Evaluation of Stenosis Detection Rate on Unseen Test Data

The stenosis detection rate (true positive rate/sensitivity) of the different models was computed for quantifiable stenoses in the main arteries. Interexpert, intracenter, and intercenter agreement were determined by treating each annotator in turn as the reference standard.

Table 3.

Stenosis Detection Rates for Quantifiable Stenoses in the Main Arteries on the Test Set, With 95% CIs

Model Number of Stenoses TP FN Stenosis Detection Rate
All test data
 Model 1 657 443 214 0.67 (0.64-0.71)
 Model 1B 657 389 268 0.61 (0.57-0.65)
 Model 1C 657 304 353 0.48 (0.44-0.52)
 Model 2 657 260 397 0.41 (0.37-0.46)
 Model 3 657 435 222 0.67 (0.63-0.71)
Test set of center 1
 Model 1 507 327 180 0.64 (0.59-0.69)
 Model 1B 507 282 225 0.58 (0.53-0.63)
 Model 1C 507 212 295 0.44 (0.39-0.49)
 Model 2 507 175 332 0.36 (0.32-0.41)
 Model 3 507 326 181 0.66 (0.62-0.71)
Test set of center 2
 Model 1 150 116 34 0.77 (0.70-0.84)
 Model 1B 150 107 43 0.70 (0.62-0.78)
 Model 1C 150 92 58 0.60 (0.51-0.68)
 Model 2 150 85 65 0.58 (0.50-0.66)
 Model 3 150 109 41 0.70 (0.63-0.78)

Each stenosis annotated by a reviewer was evaluated to determine whether the model detected it. Stenosis detection rate (sensitivity) is reported as mean (95% CI).

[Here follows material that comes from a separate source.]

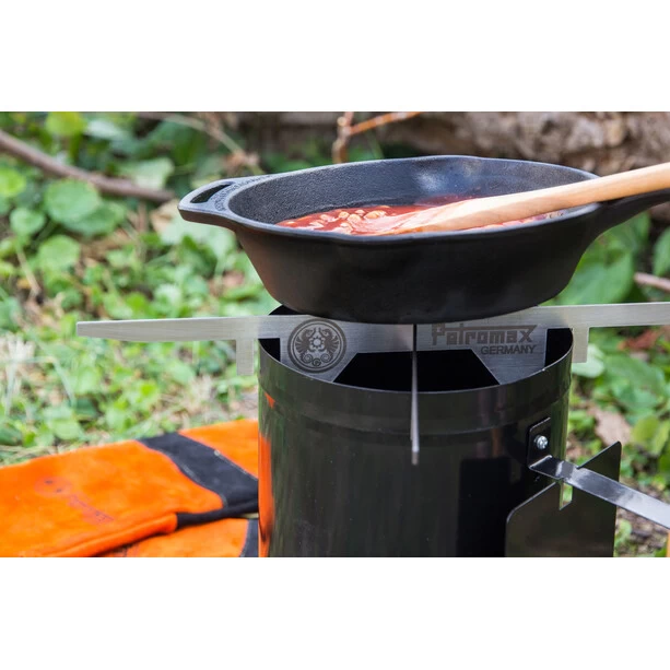 Avec le foyer Petromax, vous pouvez déjà utiliser la chaleur au-dessus du foyer. Les deux parties sont assemblées avec une poignée. Pendant que le charbon de bois ou les briquettes du barbecue sont portés à la lueur, suffisamment de chaleur de cuisson est déjà produite pour faire rôtir les premiers ingrédients dans une casserole ou une poêle ou, par exemple, pour préparer de délicieuses boissons. Aucune perte de chaleur n’est inutilisée. Bien entendu, la cheminée peut également être utilisée comme sous-verre pratique. Le support croisé s’adapte sur les grilles d’entrée ou les cheminées d’un diamètre de 14,5 cm à 16,5 cm et de 19 cm à 25 cm.

FN = false negative; TP = true positive.

Model performance varied by training and testing center. The mean detection rate difference between Model 1B (0.61) and Model 2 (0.41) was 0.20 on the complete test set, 0.22 on the center 1 test set (0.58 vs 0.36), and 0.12 on the center 2 test set (0.70 vs 0.58; Table 3). Models trained on center 1 data (Models 1, 1B, 1C) achieved higher stenosis detection rates on the center 2 test set, whereas Model 2 showed a lower performance on the center 1 test set. Detection rates increased for stenoses with QCA ≥0.5 (Model 3: 0.74; 95% CI: 0.70-0.78) and QCA >0.7 (Model 3: 0.76; 95% CI: 0.70-0.82), as shown in Supplemental Figure 4.

In the coronary segments, mean stenosis detection rates were highest for the RCA (0.49-0.88), followed by the LAD (0.46-0.75) and LCX (0.18-0.61; Table 4). LCX detection rates were particularly low for Model 1C (0.27; 95% CI: 0.19-0.34) and Model 2 (0.18; 95% CI: 0.12-0.25), whereas Model 1B (0.54; 95% CI: 0.46-0.63) achieved nearly double that of Model 1C. Detection rates were lower in distal segments than in mid or proximal segments (Supplemental Table 6).

Table 4.

Stenosis Detection Rates on the Test Set for Quantifiable Significant Stenoses (≥50% Narrowed) in the Main Coronary Artery Segments (RCA, LAD, LCX)

Number of RCA Stenoses Stenosis Detection Rate RCA Number of LAD Stenoses Stenosis Detection Rate LAD Number of LCX Stenoses Stenosis Detection Rate LCX
Model 1 161 0.88 (0.82-0.93) 223 0.75 (0.69-0.81) 140 0.61 (0.53-0.69)
Model 1B 161 0.77 (0.71-0.84) 223 0.63 (0.57-0.69) 140 0.54 (0.46-0.63)
Model 1C 161 0.49 (0.42-0.57) 223 0.58 (0.52-0.65) 140 0.27 (0.19-0.34)
Model 2 161 0.60 (0.52-0.67) 223 0.46 (0.40-0.52) 140 0.18 (0.12-0.25)
Model 3 161 0.81 (0.75-0.88) 223 0.73 (0.67-0.78) 140 0.57 (0.48-0.65)

The Table shows the number of stenoses per segment (≥50% narrowed) and the corresponding detection rates (mean; 95% CI) for each model on the total test set.

LAD = left anterior descending artery; LCX = left circumflex artery; RCA = right circumflex artery.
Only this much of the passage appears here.